Go to the line with "Aloma of the" in the entries below and write out every line from there through the line with "We are always", exactly and without pictures.

# RAW DATA
------------------------------
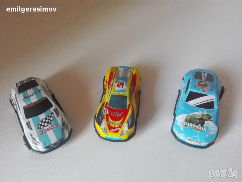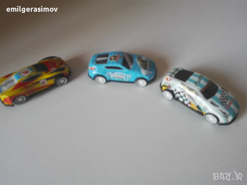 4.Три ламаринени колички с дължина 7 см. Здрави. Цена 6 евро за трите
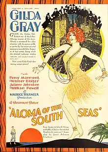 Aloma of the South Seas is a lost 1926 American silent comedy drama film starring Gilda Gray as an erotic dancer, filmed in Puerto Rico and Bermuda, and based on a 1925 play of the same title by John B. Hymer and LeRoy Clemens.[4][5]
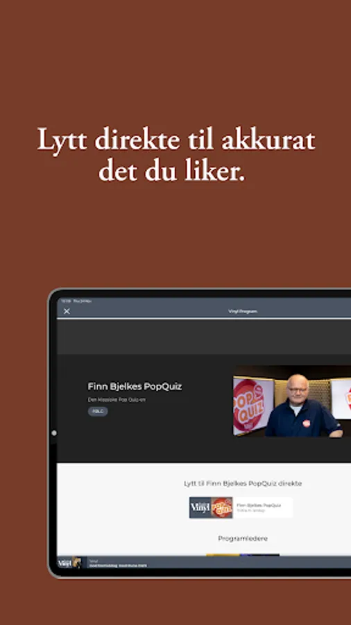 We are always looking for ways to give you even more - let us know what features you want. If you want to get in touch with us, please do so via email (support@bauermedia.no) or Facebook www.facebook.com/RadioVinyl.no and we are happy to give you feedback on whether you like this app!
------------------------------
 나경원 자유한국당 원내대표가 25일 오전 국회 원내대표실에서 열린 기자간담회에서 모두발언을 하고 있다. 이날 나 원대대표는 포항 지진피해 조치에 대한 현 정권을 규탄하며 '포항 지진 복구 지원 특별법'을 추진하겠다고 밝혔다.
------------------------------
# EXERCISE RESULT
 Aloma of the South Seas is a lost 1926 American silent comedy drama film starring Gilda Gray as an erotic dancer, filmed in Puerto Rico and Bermuda, and based on a 1925 play of the same title by John B. Hymer and LeRoy Clemens.[4][5]
 We are always looking for ways to give you even more - let us know what features you want. If you want to get in touch with us, please do so via email (support@bauermedia.no) or Facebook www.facebook.com/RadioVinyl.no and we are happy to give you feedback on whether you like this app!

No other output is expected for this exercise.